§ **YOUR TASK**: Print the data below verbatim, minus images.
### DATA EXTRACT ###
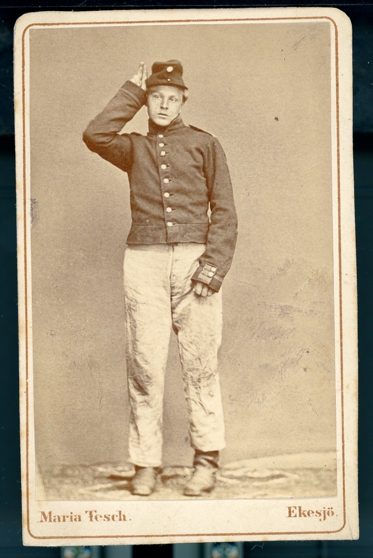 Kabinettsfotografi: Bror Andreas de Verdier, helfigur av en ung man ljusa byxor, uniforms- rock och -hatt. Verkar spexa, en aningen tafatt pose. Han gör en variant av honnör med pek- och långfingret utsträckt vid sidan av huvudet
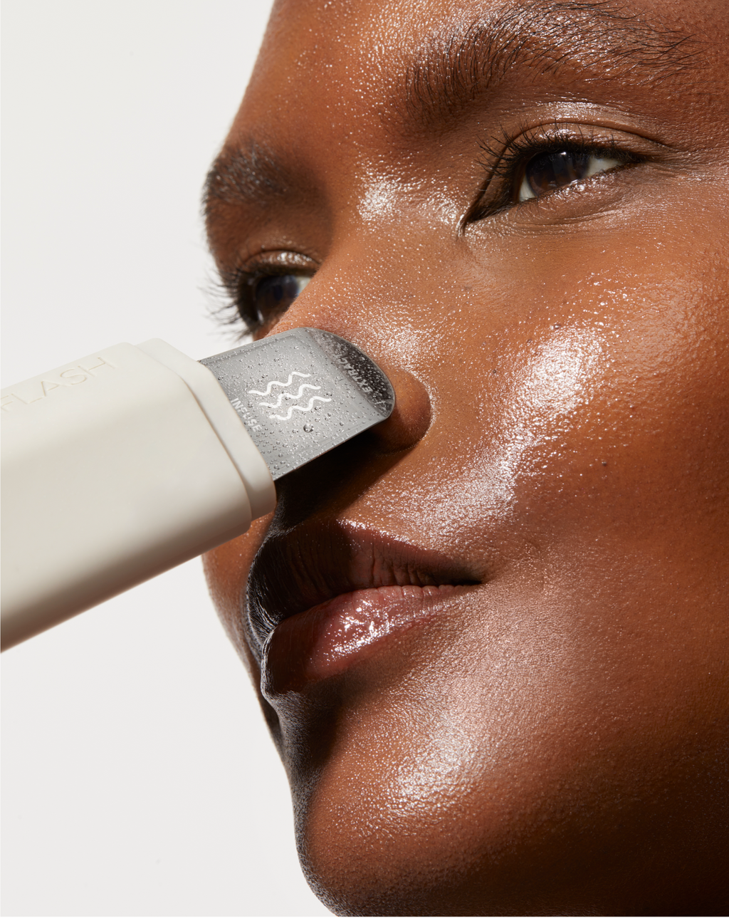 Before using Infuse Mode, apply your favorite serum, moisturizer or mask. Glide the flat part of the spatula over your skin. (Keep your fingertips on the silver strip.)
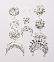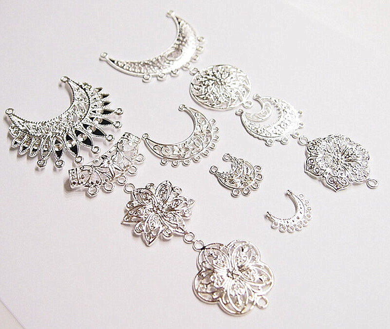 You are buying 11 different Silver Plated Jewelry Connectors. These are all just gorgeous. These will make any project you need to start or finish look even better. These connectors are originally from the 1900-1930's, I only had a few left and found a company to make these for me and they are gorgeous. These are all Silver plated. I have lots of great cameos, settings, connectors and pendants so, just look at all my listings. Several of these are listed individually in groups so, if you need more information on each item, just look at that listing. I also offer this same group of connectors in Shiny Gold item #360720310801 as shown in the last picture. I also have 2 groups of 20 different connectors in Antique Gold item #360942876405 and Antique Silver item #360942863935, and they are both sold separately.
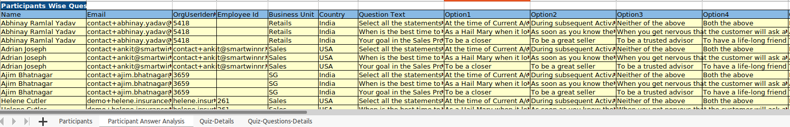 SmartWinnr provides a very detailed set of analytics on every quiz that you have created and assigned to people.
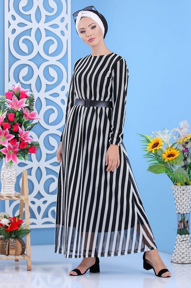 Robe longue à rayures avec ceinture pour femme - Couleur blanche et noire Vetement & Accessoire
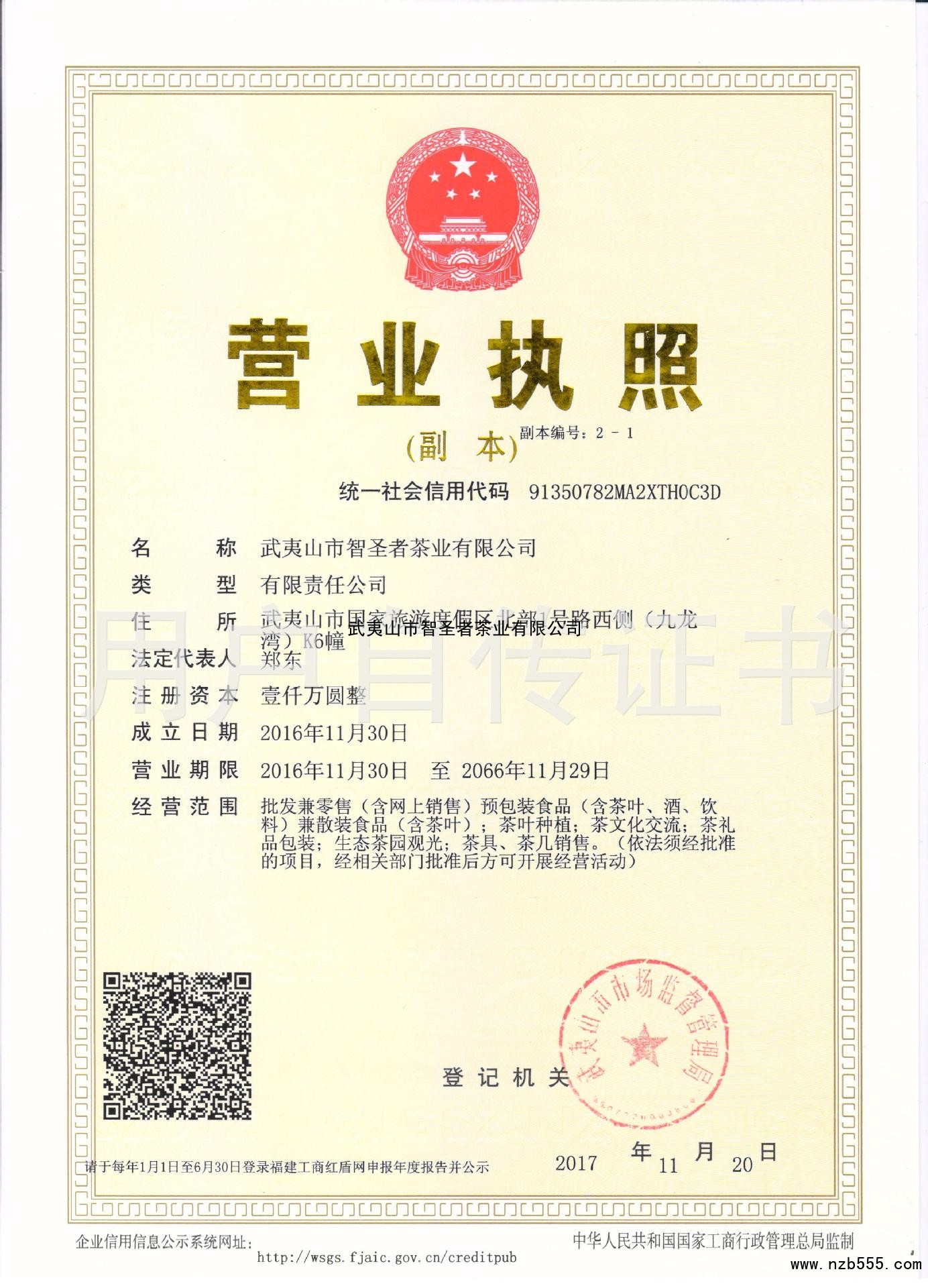 | 發(fā)證機(jī)構(gòu): | 武夷山市市場(chǎng)監(jiān)督管理局 | 發(fā)證時(shí)間 : | 2017-11-20 |
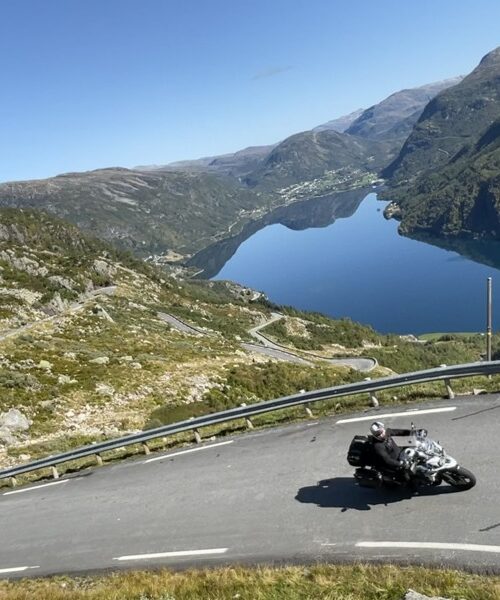 Je hebt onder meer tijd in Bergen, waar je het historische Bryggen kunt ontdekken, en rijdt daarna langs de adembenemende Aurlandsvegen en Gaularsfjellet, twee van de mooiste bergwegen in Noorwegen. De rit over de Ryfylke National Tourist Road is puur motorplezier: kronkelende wegen langs diepe fjorden, imposante bergen en een uitzichten die je even doen vergeten te ademen. De beroemde Trollstigen laat je voor een andere keer, maar met de Sognefjord en de Sognefjellet kun je je motorhart zeker ophalen. En de eenzame wegen die je volgt, brengen je steeds dieper in de waanzinnig mooie natuur van dit spectaculaire land.
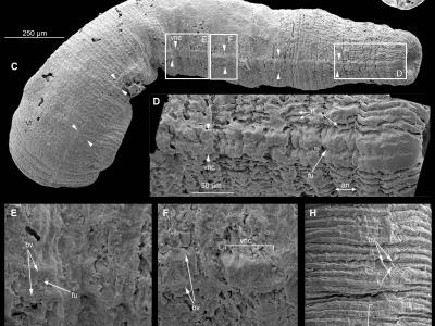 寒武纪早期宽川铺组Eopriapulites狮身人面像的管状不完整标本,显示了它们的腹神经...
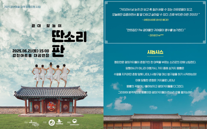 ‘딴소리판’은 문화체육관광부가 후원하고 (재)예술경영지원센터가 주최하는 ‘공연예술 지역 유통지원 사업’을 통해 강진아트홀이 지원받은 우수작품 4편 중 세 번째 공연이다. 고전 판소리를 깨고 비트는 광대 거지들의 유쾌한 유랑을 담은 공연으로 엉뚱한 상상과 재치 가득한 연출로 관객들에게 즐거움을 선사하는 공연으로 정평이 났다.
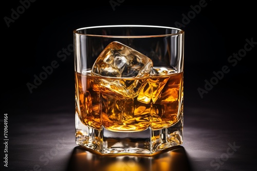 Whisky glass with golden liquor on black background, ideal for text placement and messaging
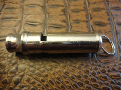 Title (ebay affiliate link): VINTAGE METAL TOY WHISTLE FROM THE 1950's or 1960's NEW OLD STOCK.
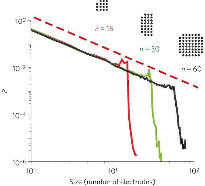图1 神经元雪崩是复杂的。在成熟的皮层培养网络中,神经元雪崩的大小分布遵循接近3/2的幂律(虚线表示),并显示出有限尺度缩放。图示为覆盖指定数量电极的雪崩观察到的相对概率,针对三组网格尺寸(插图中n=15、30或60个感应电极,等间隔200微米)。统计数据源自总共70小时的数据记录,每小时累积约58,000(±55,000)次雪崩(均值±标准差)。
###
§ **EXPECTED OUTPUT**:
 Kabinettsfotografi: Bror Andreas de Verdier, helfigur av en ung man ljusa byxor, uniforms- rock och -hatt. Verkar spexa, en aningen tafatt pose. Han gör en variant av honnör med pek- och långfingret utsträckt vid sidan av huvudet
 Before using Infuse Mode, apply your favorite serum, moisturizer or mask. Glide the flat part of the spatula over your skin. (Keep your fingertips on the silver strip.)
 You are buying 11 different Silver Plated Jewelry Connectors. These are all just gorgeous. These will make any project you need to start or finish look even better. These connectors are originally from the 1900-1930's, I only had a few left and found a company to make these for me and they are gorgeous. These are all Silver plated. I have lots of great cameos, settings, connectors and pendants so, just look at all my listings. Several of these are listed individually in groups so, if you need more information on each item, just look at that listing. I also offer this same group of connectors in Shiny Gold item #360720310801 as shown in the last picture. I also have 2 groups of 20 different connectors in Antique Gold item #360942876405 and Antique Silver item #360942863935, and they are both sold separately.
 SmartWinnr provides a very detailed set of analytics on every quiz that you have created and assigned to people.
 Robe longue à rayures avec ceinture pour femme - Couleur blanche et noire Vetement & Accessoire
 | 發(fā)證機(jī)構(gòu): | 武夷山市市場(chǎng)監(jiān)督管理局 | 發(fā)證時(shí)間 : | 2017-11-20 |
 Je hebt onder meer tijd in Bergen, waar je het historische Bryggen kunt ontdekken, en rijdt daarna langs de adembenemende Aurlandsvegen en Gaularsfjellet, twee van de mooiste bergwegen in Noorwegen. De rit over de Ryfylke National Tourist Road is puur motorplezier: kronkelende wegen langs diepe fjorden, imposante bergen en een uitzichten die je even doen vergeten te ademen. De beroemde Trollstigen laat je voor een andere keer, maar met de Sognefjord en de Sognefjellet kun je je motorhart zeker ophalen. En de eenzame wegen die je volgt, brengen je steeds dieper in de waanzinnig mooie natuur van dit spectaculaire land.
 寒武纪早期宽川铺组Eopriapulites狮身人面像的管状不完整标本,显示了它们的腹神经...
 ‘딴소리판’은 문화체육관광부가 후원하고 (재)예술경영지원센터가 주최하는 ‘공연예술 지역 유통지원 사업’을 통해 강진아트홀이 지원받은 우수작품 4편 중 세 번째 공연이다. 고전 판소리를 깨고 비트는 광대 거지들의 유쾌한 유랑을 담은 공연으로 엉뚱한 상상과 재치 가득한 연출로 관객들에게 즐거움을 선사하는 공연으로 정평이 났다.
 Whisky glass with golden liquor on black background, ideal for text placement and messaging
 Title (ebay affiliate link): VINTAGE METAL TOY WHISTLE FROM THE 1950's or 1960's NEW OLD STOCK.
图1 神经元雪崩是复杂的。在成熟的皮层培养网络中,神经元雪崩的大小分布遵循接近3/2的幂律(虚线表示),并显示出有限尺度缩放。图示为覆盖指定数量电极的雪崩观察到的相对概率,针对三组网格尺寸(插图中n=15、30或60个感应电极,等间隔200微米)。统计数据源自总共70小时的数据记录,每小时累积约58,000(±55,000)次雪崩(均值±标准差)。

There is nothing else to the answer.